Question

when the celsius temperature is 30°, the corresponding fahrenheit temperature is 86°. when the celsius temperature is 90°, the corresponding fahrenheit temperature is 194°. let c represent the celsius temperature and f the fahrenheit temperature.
a. express f as an exact linear function of c.
b. solve the equation in part a for c, thus expressing c as a function of f.
c. for what temperature is f = c?
a. express f as an exact linear function of c.
$f = \frac{9}{5}c + 32$
(simplify your answer. do not include the degree symbol in your answer.)
b. express c as an exact linear function of f.
$c = \frac{5}{9}(f - 32)$
(simplify your answer. do not include the degree symbol in your answer.)
c. for what temperature is f = c?
$c = \square$°
(simplify your answer.)

Explanation:

Step1: Set F = C in the linear function

We know from part a that \( F=\frac{9}{5}C + 32 \).

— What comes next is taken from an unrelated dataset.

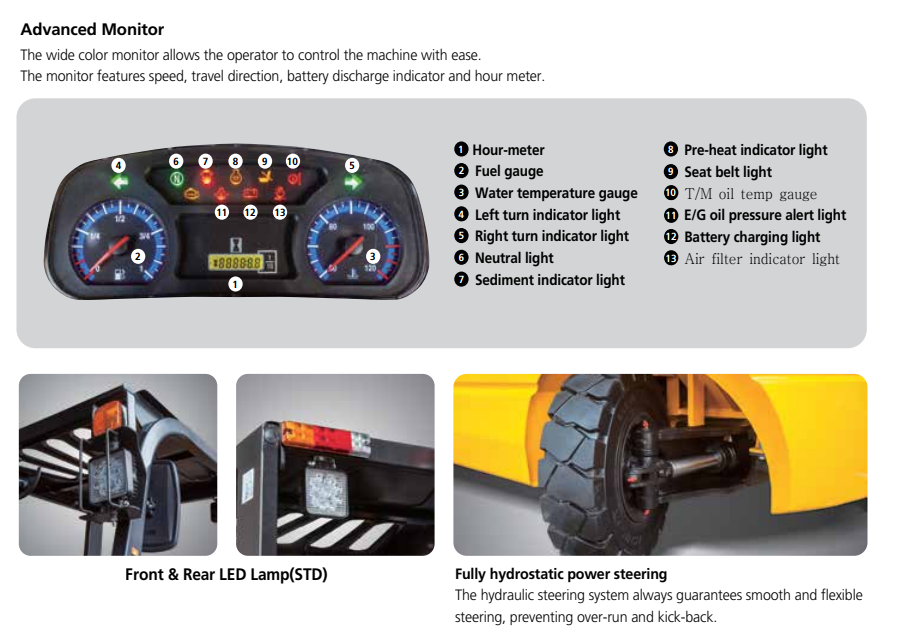 Động cơ mạnh mẽ: Xe này được trang bị động cơ dầu Diesel đáng tin cậy, giúp cung cấp công suất cao để nâng và di chuyển tải trọng dễ dàng và hiệu quả.

Since we want to find when \( F = C \), we substitute \( F \) with \( C \) in the equation: \( C=\frac{9}{5}C + 32 \).

Step2: Solve for C

Subtract \( \frac{9}{5}C \) from both sides: \( C-\frac{9}{5}C=\frac{9}{5}C + 32-\frac{9}{5}C \).
Simplify the left side: \( \frac{5}{5}C-\frac{9}{5}C=-\frac{4}{5}C \), and the right side is 32. So we have \( -\frac{4}{5}C = 32 \).
Multiply both sides by \( -\frac{5}{4} \): \( C=32\times(-\frac{5}{4}) \).
Calculate \( 32\times(-\frac{5}{4})=-40 \).

Answer:

\( -40 \)